Fiksasi K-wires perkutan


Teknik ini sering dibicarakan namun hanya dapat diterapkan pada beberapa kasus
saja. Setelah reduksi fraktur, K-wires dimasukkan dengan teknik antegrad dan
retrograd dibawah pengawasan fluroskopi. Teknik ini tampaknya sulit dipasang
apalagi ditambah dengan hilangnya paku tulang pada tulang osteoponik dan
resikoinfeksi yang tinggi.

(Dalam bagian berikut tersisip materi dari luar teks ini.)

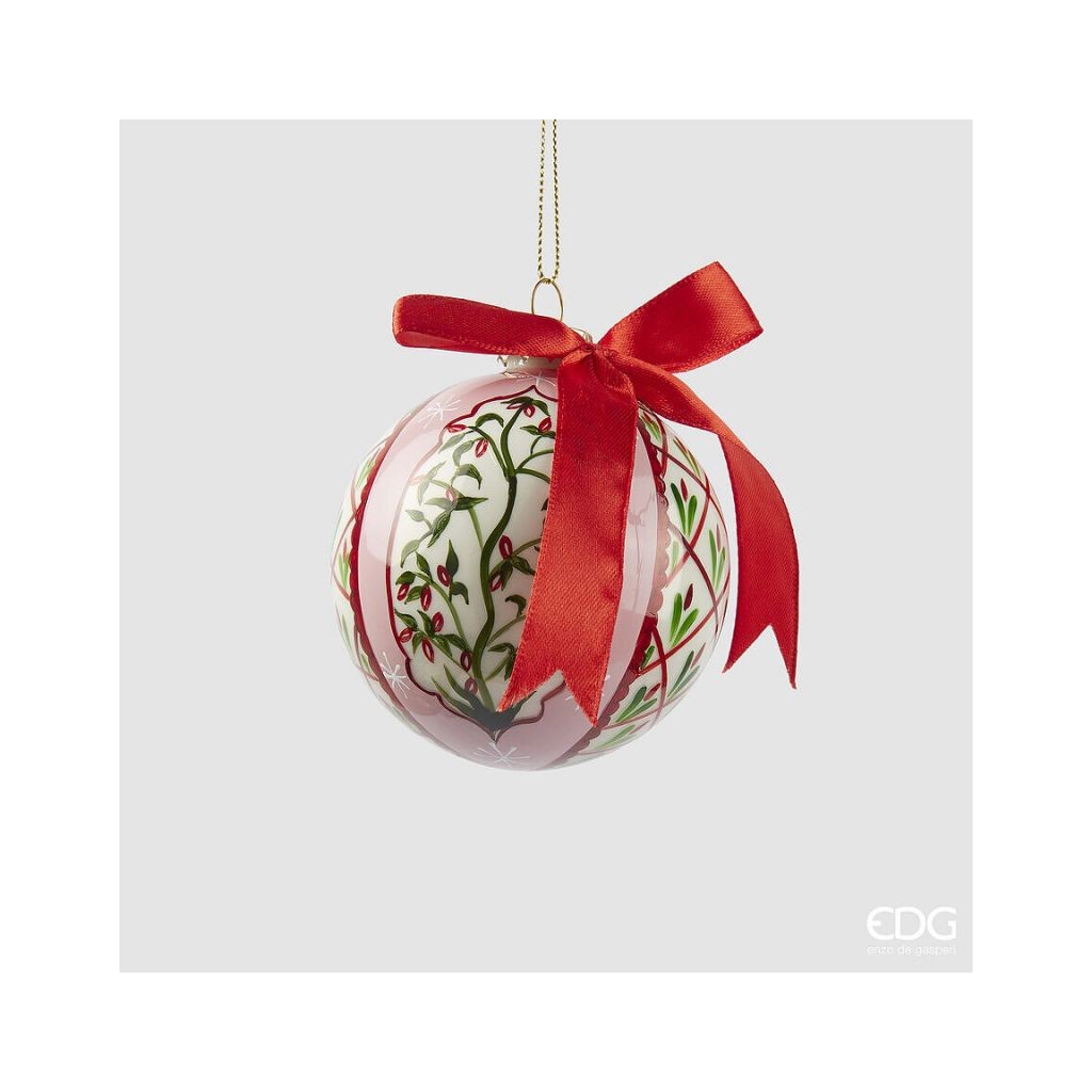 La pallina di Natale Decoflor di EDG è perfetta per aggiungere un tocco di raffinatezza al tuo albero. Con base bianca, è decorata con motivi floreali coi colori del rosso e verde tipici del periodo natalizio. Completa il decoro un tocco di rosa ed un fiocco rosso.

Teknik ini berguna pada fraktur epifisis proksimal humerus
pada pasien yang masih muda nsmun tidak cocok pada pasien yang berumur tua

Pemasangan Plat
Beberapa ahli bedah memanfaatkan pemasangan plat T atau plat L untuk mereposisi
fraktur collum cirurgicum.seperti halnya K-wire, hasil operasi akan lebih baik pada
apsien di bawah 50 tahun namun sayangnya fraktur cirurgicum jarang terjadi pada
usia < 50 tahun.

Fiksasi Antegrad Intra medular


Dari tabel tampak bahwa tekhnis ini lebih cocok pada usia >60 tahun .permasalahan
berkaitan dengan bahaya manset rotator .teknik ini biasanya dilakukandengan cara
pembukaan otot deltoid dibawah pengawasan fluroskopi

Fiksasi Retrograd Intra medular


Tekhnik ini kurang popular namun memberikan hasil yang baik dengan menggunakan
paku yang lebih tipis dan fleksibel dimasukkan dari atas fossa olecranon.
Kekurangannya paku sering keluar kembali,menyebabkan siku tidak dapat ekstensi
kurang dari 20 derajat.

2.7.2 fraktur varus dengan impaksi (A2.2)


Fraktur ini terjadi sekitar 13% dari seluruh fraktur humerus ,dari penelitian yang
dilakukan dengan metode non operatif pada pasien yang berumur rata-rata 68 tahun,
78% memberikan hasil yang memuaskan.